特別受益とは
亡くなった人の財産はいったん相続人全員のものになり、それから遺言書の内容や法定相続などに従って分配されます。
しかし、このとき故人から遺贈や多額の生前贈与を受けた人がいた場合、そのまま遺産分けをしてしまうと、財産をもらった人とそうでない人の間で格差が起きてしまいますよね。
そこで、民法では特別受益という制度を用意し、相続人間の実質的な公平を図ることにしています。
特別受益とは?
特別受益とは、簡単に言ってしまえば、亡くなった人から遺贈や生前贈与を受けた人がいた場合に、その人がもらった財産を相続財産の一部としてカウントするという制度です。
民法第903条1項
共同相続人中に、被相続人から、遺贈を受け、又は婚姻若しくは養子縁組のため若しくは生計の資本として贈与を受けた者があるときは、被相続人が相続開始の時において有した財産の価額にその贈与の価額を加えたものを相続財産とみなし、前三条の規定により算定した相続分の中からその遺贈又は贈与の価額を控除した残額をもってその者の相続分とする。
もし、特別受益をもらったと認定された人がいた場合は、持戻し計算を行い、特別受益を本来の相続財産に足したものが「相続財産」となります。そして、本来の相続分から特別受益分を除いた分が、特別受益をもらった人の相続分となります。
事例
父親が亡くなり、「相続財産が預貯金など5000万円、相続人が妻、子供A・Bの3人」というケースを考えてみましょう。
このケースで、「父親が生前、長男である子供Aに住宅の購入費用として1000万円を援助していた」といった事情があった場合、Aのもらった1000万円は「生計の資本として受けた贈与」として特別受益に当たります。
つまり、本来の相続財産5000万円に、特別受益分1000万円を加えた合計6000万円が、このケースにおける「相続財産」です。これを法定相続に従って分ける場合、それぞれの相続分は次のようになります。
・妻
6000万円×1/2=3000万円
・子供A
6000万円×1/2×1/2-1000万円(特別受益)=500万円
・子供B
6000万円×1/2×1/2=1500万円
特別受益を考慮した結果、「Aが財産をもらいすぎる」という事態を回避できたことがわかります。
特別受益に当たるものとは?
特別受益に当たるものは、民法の規定によれば遺贈、および「婚姻若しくは養子縁組のため若しくは生計の資本」として受けた贈与です。
このうち、前者の遺贈はすべて特別受益として扱われます。

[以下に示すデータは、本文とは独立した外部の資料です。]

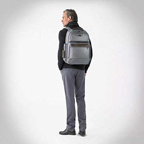 Details: Head off to work or school with your laptop packed safely and stylishly inside this contemporary backpack from Briggs Riley. The Briggs Riley work Large Cargo Laptop Backpack is made from ballistic nylon fabric with top grain leather accents, multiple pockets and compartments, and RFID-blocking technology for added protection. In addition to the spacious main compartment, this backpack includes a protective laptop pocket, three elastic slip pockets to hold cords and chargers, and a full length slip pocket to hold files or documents. Two front organizer pockets, a top cargo pocket, and RFID credit card pockets offer convenient storage for all of your smallest items and most frequently used accessories.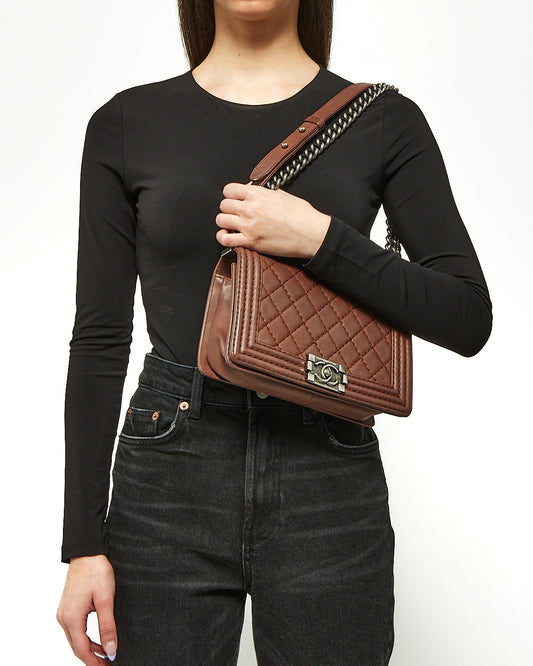 Sac Boy Old Medium en cuir matelassé marron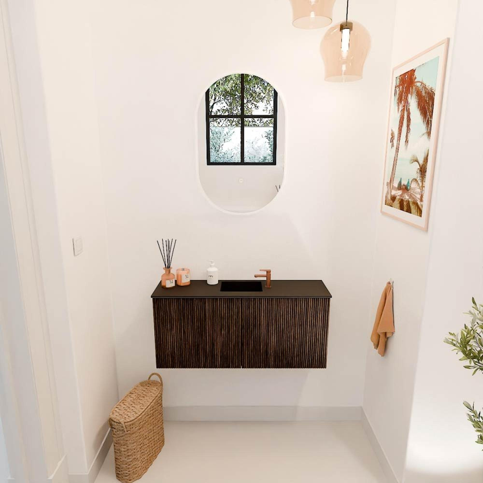 Mondiaz JOYA 90cm meuble de salle de bains - couleur Walnut - Vasque FAYE position Milieu 1 trou de robinet couleur Urban.

また、後者の生前贈与については、子供が結婚する際に住宅購入費を援助した、事業を行うための資金や土地を提供した、といったケースが該当します。
一方、普段の生活費や医療費といった日常的な支出は特別受益には当たりません。これは親子や兄弟姉妹間では扶養義務があるので(民法877条)、日常のちょっとした支出は「贈与」とはみなされないためです。

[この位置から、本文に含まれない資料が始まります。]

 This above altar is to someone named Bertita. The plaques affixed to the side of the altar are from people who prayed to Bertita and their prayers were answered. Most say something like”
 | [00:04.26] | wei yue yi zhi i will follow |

なお、実務上では、相当額の贈与があった場合は、特に事情がない限りは「生計の資本として受けた贈与」として特別受益に当たると判断される傾向があります。
もし特別受益を主張する場合、特別受益の認定などをめぐって相続トラブルが起きやすくなります。特別受益を主張したい、あるいは主張された、といった場合は、弁護士に一度相談してみましょう。